Same like the bearings, you need to add the number on the block vs crank to get your number.
Pistons, I think it's number on piston or number on piston plus number on block.
With pistons, give them the Vin and they should be able to pull it up.
Unless you are going oversized, then just get your .5 or 1.0.
If you get stuck, I'll go through my notes to see if I can help.
Cheers
Engine number is 1FZ0196354
 
What do the bores look like?
If no ridge and still on tight end of stock and pistons still good, re-ring and hone.
If bores worn, go 0.5 over and order accordingly.
Good luck
Actually the guy on the machine shop, doesn't want to go oversize, and wants to rebore, like in a 3B. I told him Toyota doesn't sell liners for the 1FZ, and I told him that engine is not meant to have a liner replacement.
What's your thought on this?
 
Actually the guy on the machine shop, doesn't want to go oversize, and wants to rebore, like in a 3B. I told him Toyota doesn't sell liners for the 1FZ, and I told him that engine is not meant to have a liner replacement.
What's your thought on this?
Then he doesn't seem to understand the 1fz engine.
It has 0.5 and 1.0mm over bore options only, no sleeves for this engine.
Unless it's already bored to 1.0 over and needs refresh.

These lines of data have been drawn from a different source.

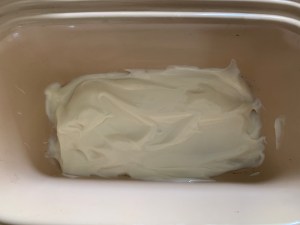Pasamos a un bote de cristal y, cuando esté templado, pasamos a la nevera para que adquiera consistencia de leche condensada – necesita unas cuantas horas, incluso de un día para otro.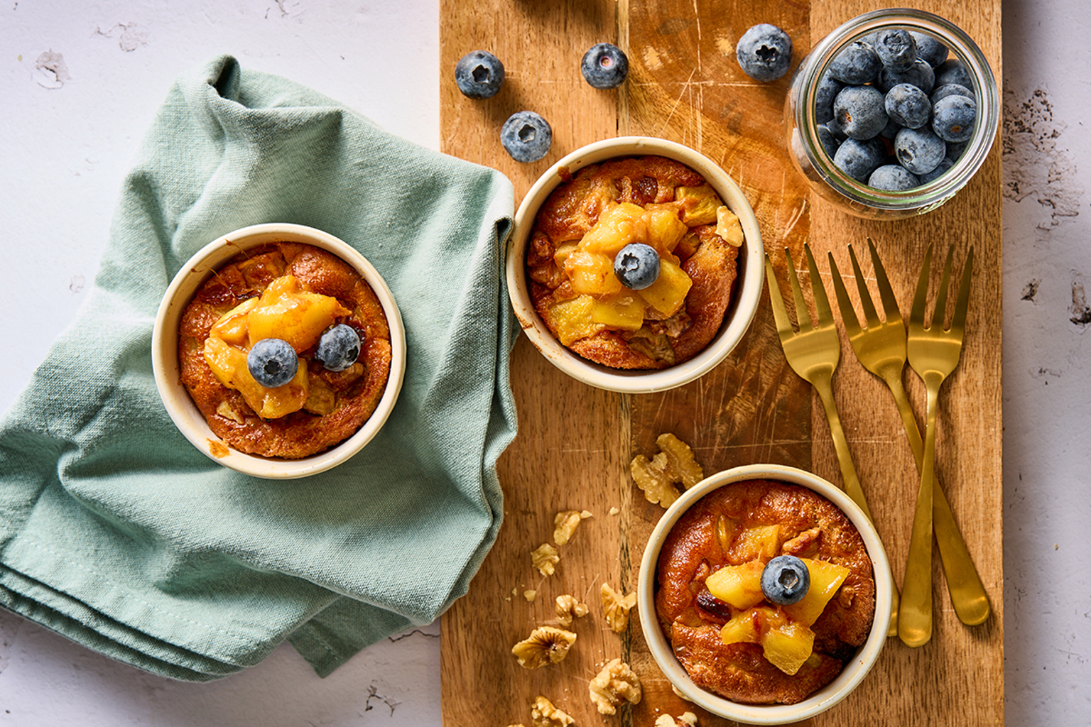 Beat the eggs with the quark. Add the flour, baking powder, 1 tsp of cinnamon and pinch of salt. Mix everything well and divide over the forms. Divide the baked mango over the cake forms (reserve some as a garnish)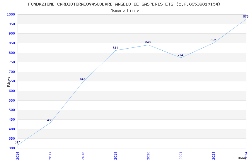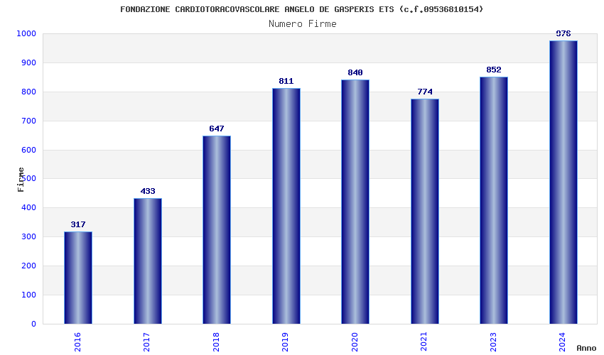 | Anno | Firme | Importi | Media | Naz. | Reg. | Prov. | Comu. |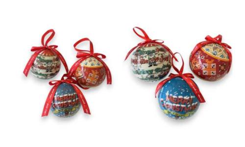 人気のキャンディボールオーナメント(495円/770円・6cm/8cm、プレゼント/サンタ/パーティー)は毎年デザインが変わる注目アイテム。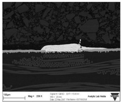 厚膜電阻的使用經(jīng)驗表明,短時過載、焊接熱等熱應力和脈沖應力會使阻值發(fā)生漂移。這些在貼片式保險絲里發(fā)生的現(xiàn)象將會改變保險絲的特性,進而縮短熔斷時間。雖然熔體使用了幾種不同的材料,例如銅錫合金,可以達到高水平的I2T,但在持續(xù)的熱應力之后,熔體對斷開時間的縮短是非常敏感的。這是由于應力會導致熔體組成材料的遷移,如圖2所示,該圖顯示了在施加脈沖負載應力之后,銅錫合金正在發(fā)生遷移的情況。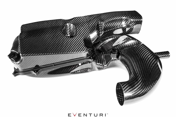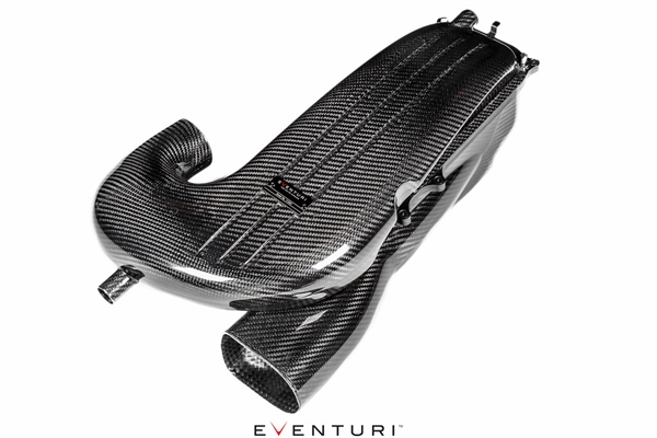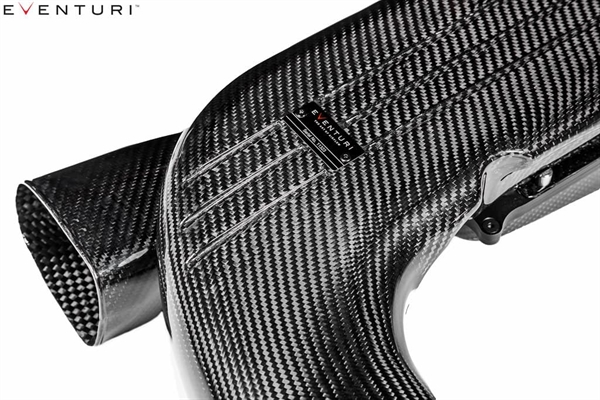 De sidste komponenter, som Eventuri har opdateret fra deres tidligere EPDM‑kanaler, er deres kulfiber frontkanaler. Disse forbinder til luftkasserne ved hjælp af deres special EPDM‑koblinger. Kulfiberkanalerne er formet til glat at overgå fra de ovale luftindgangsåbninger i slåpanelet til luftkasserne, samtidig med at den størst mulige volumen opretholdes.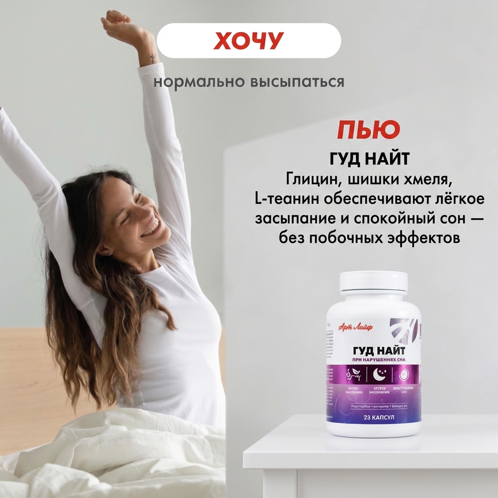 Сбалансированный состав и оптимальная дозировка комплекса Гуд Найт настраивают организм на качественный сон и поддерживают нервную систему.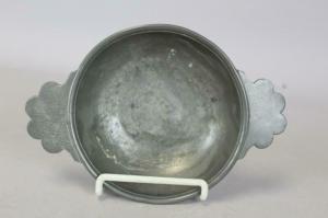 A GREAT EARLY 18TH C ENGLISH PEWTER DOUBLE HANDLE PORRINGER IN NICE OLD COLOR

This is the only time I would even consider engineered aftermarket sleeves as a last resort to keep it on the road.
Stick to Toyotas recommendations, they knew what they where doing, and spent Billions in R and D.
Now comes "Peter" in his little shop and thinks he knows better.
 
Then he doesn't seem to understand the 1fz engine.
It has 0.5 and 1.0mm over bore options only, no sleeves for this engine.
Unless it's already bored to 1.0 over and needs refresh. This is the only time I would even consider engineered aftermarket sleeves as a last resort to keep it on the road.
Stick to Toyotas recommendations, they knew what they where doing, and spent Billions in R and D.
Now comes "Peter" in his little shop and thinks he knows better.
Totally agree with you. Will have a "discussion" with "Peter".
Cheers
 
GREAT! If I go +0,5 I don't have to bother on mark 1 or 2
Yes, engine is already dismantled at the machine shop. I am currently sourcing parts.
Cheers!
Yes correct, if you go oversized you don't need to worry about mark 1.
Check small ends now, they were a bitch to find for me, lucky mine were still good.
Replace valve guides, I didn't and paid for it.
Heat up pistons to 82 degrees to get gudgeon pin in and out, otherwise you damage pistons, pins, bushes and other things.
Check the bushing for the oil pump gear in the block, protect it as there is no replacement part.
Main bearing bolts are also a bitch to find, I used my old ones and all is OK, but would have preferred new.
These were the biggest issues off the top of my head.